# Ford YT16 Paint Colors



## ChadFordMan (Mar 10, 2017)

Hey Everyone, 

First off, I'm going to apologize up front. This is my first post, so if I do or say anything stupid, please don't stone me to death.  

I just bought a 1988 Ford YT16 and have the whole thing torn down and sanded. I'd like to get her back to as original as possible, so I obviously want to paint it with the original colors. I can find some information on the "blue" but nothing on the offwhite color of the seat pan and foot rests/pads.
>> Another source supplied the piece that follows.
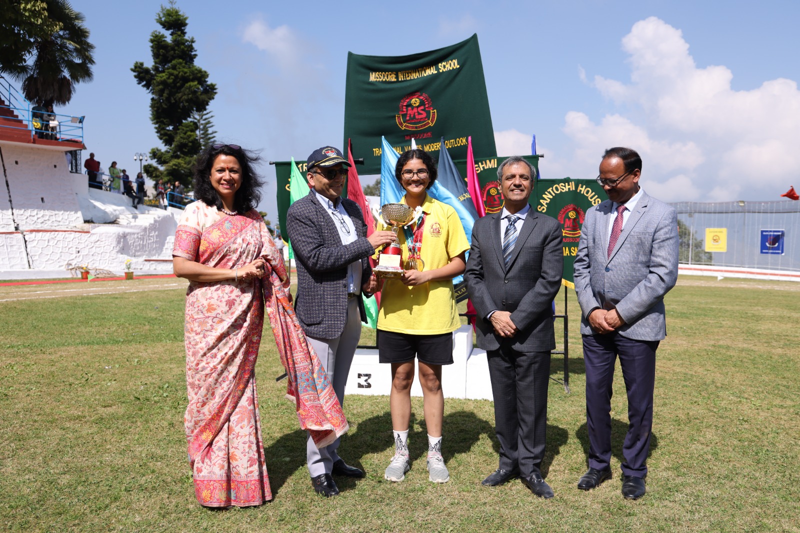 मसूरी। मसूरी इंटरनेशनल स्कूल का 42वां वार्षिक खेल दिवस पूरे उत्साह के साथ मनाया गया जिसमें छात्राओं ने अपनी खेल प्रतिभा का प्रदर्शन किया। प्रतियोगिता में ओवर ऑल ट्राफी संयुक्त रूप से लक्ष्मी व संतोषी सदन ने कब्जाई। खेल प्रतियोगिताओं का शुभारंभ मुख्य अतिथि डीजीपी उत्तराख्ांड अभिनव सिंह व प्रधानाचार्या शालू बब्बर ने वैदिक मंत्रों व विद्यालय की प्रार्थना के साथ किया। वहीं मशाल प्रज्वलित व ध्वजारोहण किया गया। विद्यालय की स्पोर्टस कप्तान दिव्या यादव व उप कप्तान कंचन जायसवाल ने सभी खिलाडियों को शपथ दिलायी। इसके बाद भव्य मार्चपास्ट किया गया। इसके बाद प्रतियोगिताए शुरू हुई जिसमें 100, 200, 400, मीटर दौड़ सबजूनियर, जूनियर व सीनियर वर्ग में आयोजित किया गया। वहीं योगा, जूम्बा, बाधा दौड़ व ड्रिल लेजियम की प्रस्तुति की गयी। इस मौके पर मुख्य अतिथि अभिनव सिंह ने कहा कि देश का भविष्य बालिकाओं को है, मसूरी इंटरनेशन स्कूल की छात्राओं ने भारतीय संस्कृति का सुंदर संगम दिखाई देता है। उन्होंने प्रधानाचार्या शालू बब्बर व उनकी टीम की सराहना करते हुए कहा कि इन छात्राओं का प्रदर्शन देश के उज्जवल भविष्य को दर्शाता है। प्रतियोगिता में ओवर ऑल ट्राफी लक्ष्मी व संतोषी सदन ने कब्जाई। अंत में विजेताओं को पुरस्कार वितरित किए गये।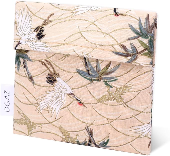 DGAZ Sanitary Napkin Storage Bag, Period Bag for Teen Aged Girls, Portable Period Bag for Panty Liners/Menstrual Cup/Small Tampons,Mini Makeup Bag for Purse(Fairy Crane)

Can you guys/gals shed any light on what colors Ford/Gilson used on these models? It sure would help. I think the blue is the old Ford Blue and not the darker New Holland blue. Any input is greatly appreciated!!!

Thanks!!

Chad


----------



## HarveyW (Sep 15, 2014)

Hello Chad, welcome to the tractor forum.

I would guess that they used the actual Ford tractor colors. There is a site on the internet
entitled "full site - Ford Color Codes - Tractor Paint Cross Reference" 

paintref.com/cgi-bin/colorcodedisplay.cgi?manuf=Ford&model=Tractor


----------



## HarveyW (Sep 15, 2014)

I found this chart on the internet:

The paint codes shown below are not the original (OEM) paint codes, but are their modern-day equivalents. Many paint companies changed the code numbers when paint ingredients and technology progressed. 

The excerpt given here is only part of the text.